Start of DATA FOR REVIEW

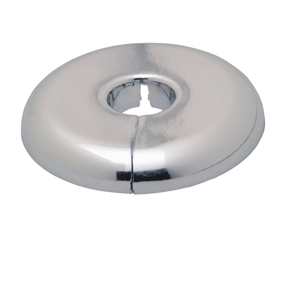 Chrome plated plastic for flexibility. Fits 1/2 inch Copper pipe or 3/8 inch iron pipe. Will not rust or corrode. Split mechanism snaps over existing pipes for easy installation on walls. 1/2 inch C or 3/8 inch I.P.
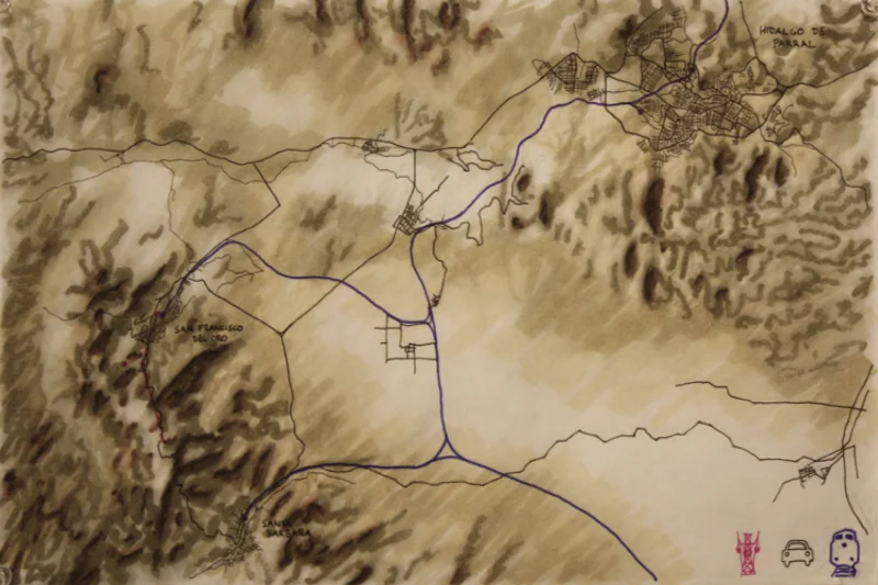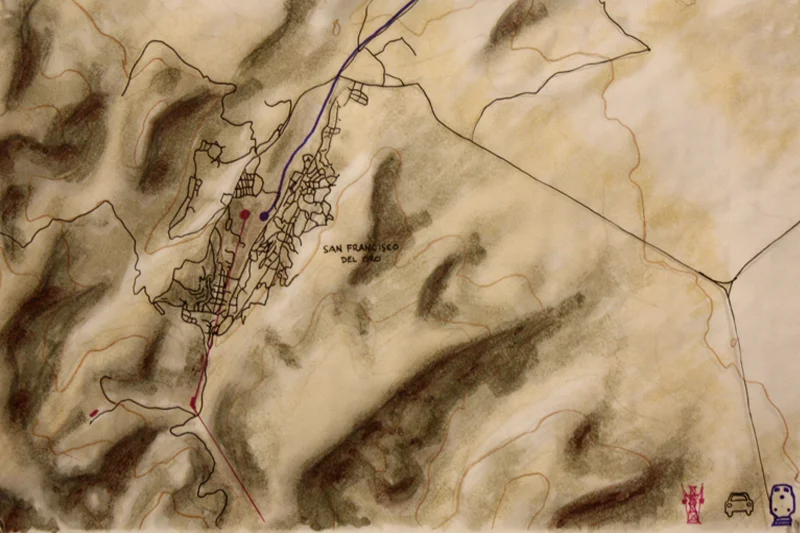 San Franciso del Oro, Mexico. A dead end stop of the Ferromex tail line. From the zinc and silver mines in the outlying hills, ore is brought to the refinery complex in the center of town via an elevated cable car system, distinct in the city's skyline. Sorted and extracted, the precious metals are then exported via train.
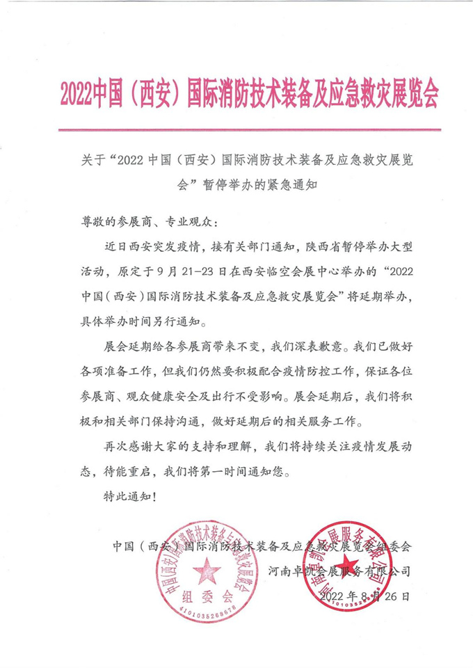 转发“关于‘2022中国(西安)国际消防技术装备及应急救灾展览会’暂停举办的紧急通知”的通知
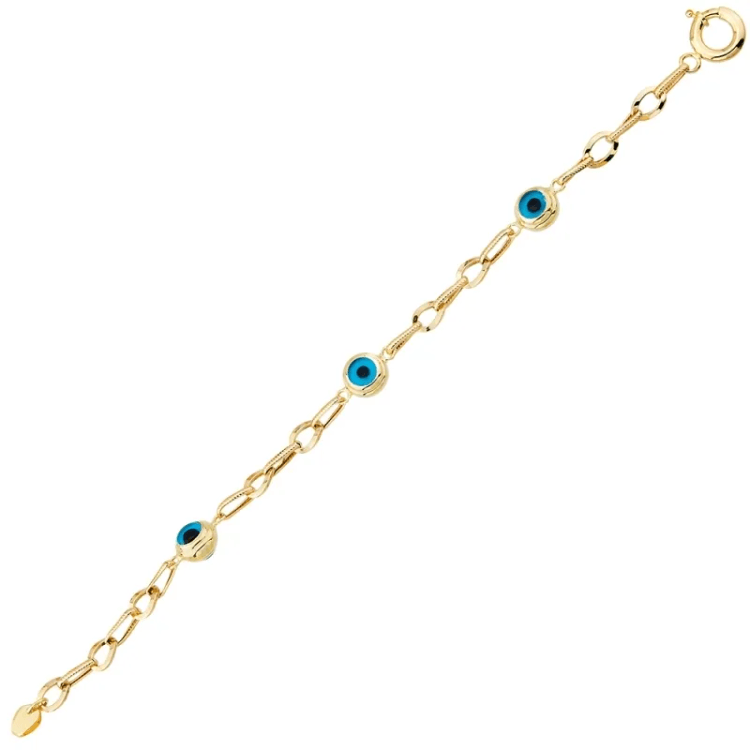 Altın Bileklik Modelleri modellerinden Altın Bileklik Üç Göz Boncuklu Kalın ürünümüz, 5.43 gr ağırlığında 14 Ayar Altın.
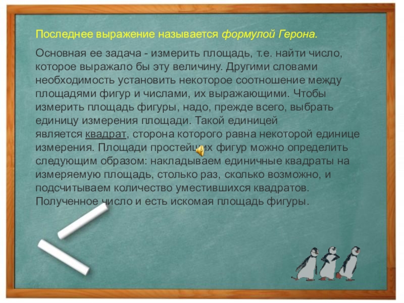 Одна из главных величин в геометрии - площадь.
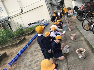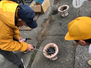 青少年指導員の方お二人をゲストティチャーとしてお招きして、七輪の火おこしと昔の火おこしの体験授業をしていただきました。
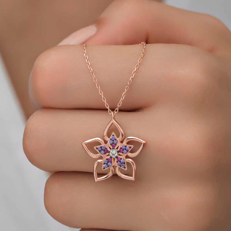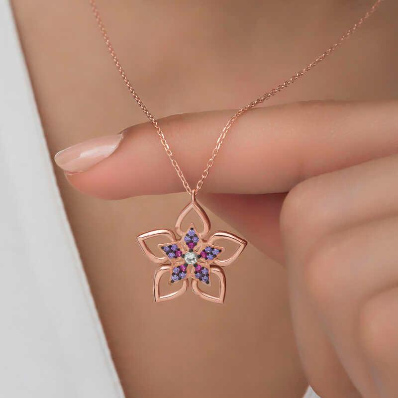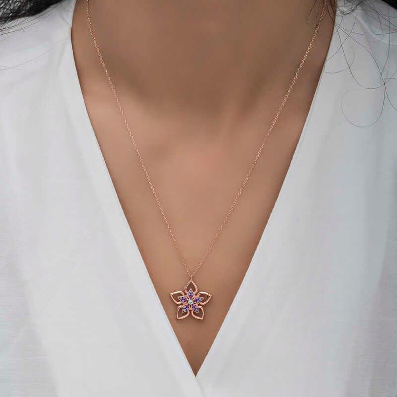The most special and elegant way to express your feelings to your loved ones is to send them stylish, colorful and fragrant flowers. Among the gifts to be given on special occasions, flowers have been designed with a different interpretation this time... Flower necklace awaits those who want to express their love once again, those who want to say you are a flower. This special design, flower women's necklace is made of 925 sterling silver. Rose coating is applied on silver. Silver women's necklace models with rose coating preserve their shine for a long time and oxidation is delayed. The stones on the necklace are zircon. As in all women's silver necklace models, the silver flower women's necklace is also produced by hand. There may be a ± 10% deviation in the specified product weight due to silver and precious stones.

End of DATA FOR REVIEW

### DESCRIPTION OF THE TASK
The records above need to be restated word for word, with the pictures left out.

### REPLY
 Chrome plated plastic for flexibility. Fits 1/2 inch Copper pipe or 3/8 inch iron pipe. Will not rust or corrode. Split mechanism snaps over existing pipes for easy installation on walls. 1/2 inch C or 3/8 inch I.P.
 San Franciso del Oro, Mexico. A dead end stop of the Ferromex tail line. From the zinc and silver mines in the outlying hills, ore is brought to the refinery complex in the center of town via an elevated cable car system, distinct in the city's skyline. Sorted and extracted, the precious metals are then exported via train.
 转发“关于‘2022中国(西安)国际消防技术装备及应急救灾展览会’暂停举办的紧急通知”的通知
 Altın Bileklik Modelleri modellerinden Altın Bileklik Üç Göz Boncuklu Kalın ürünümüz, 5.43 gr ağırlığında 14 Ayar Altın.
 Одна из главных величин в геометрии - площадь.
 青少年指導員の方お二人をゲストティチャーとしてお招きして、七輪の火おこしと昔の火おこしの体験授業をしていただきました。
The most special and elegant way to express your feelings to your loved ones is to send them stylish, colorful and fragrant flowers. Among the gifts to be given on special occasions, flowers have been designed with a different interpretation this time... Flower necklace awaits those who want to express their love once again, those who want to say you are a flower. This special design, flower women's necklace is made of 925 sterling silver. Rose coating is applied on silver. Silver women's necklace models with rose coating preserve their shine for a long time and oxidation is delayed. The stones on the necklace are zircon. As in all women's silver necklace models, the silver flower women's necklace is also produced by hand. There may be a ± 10% deviation in the specified product weight due to silver and precious stones.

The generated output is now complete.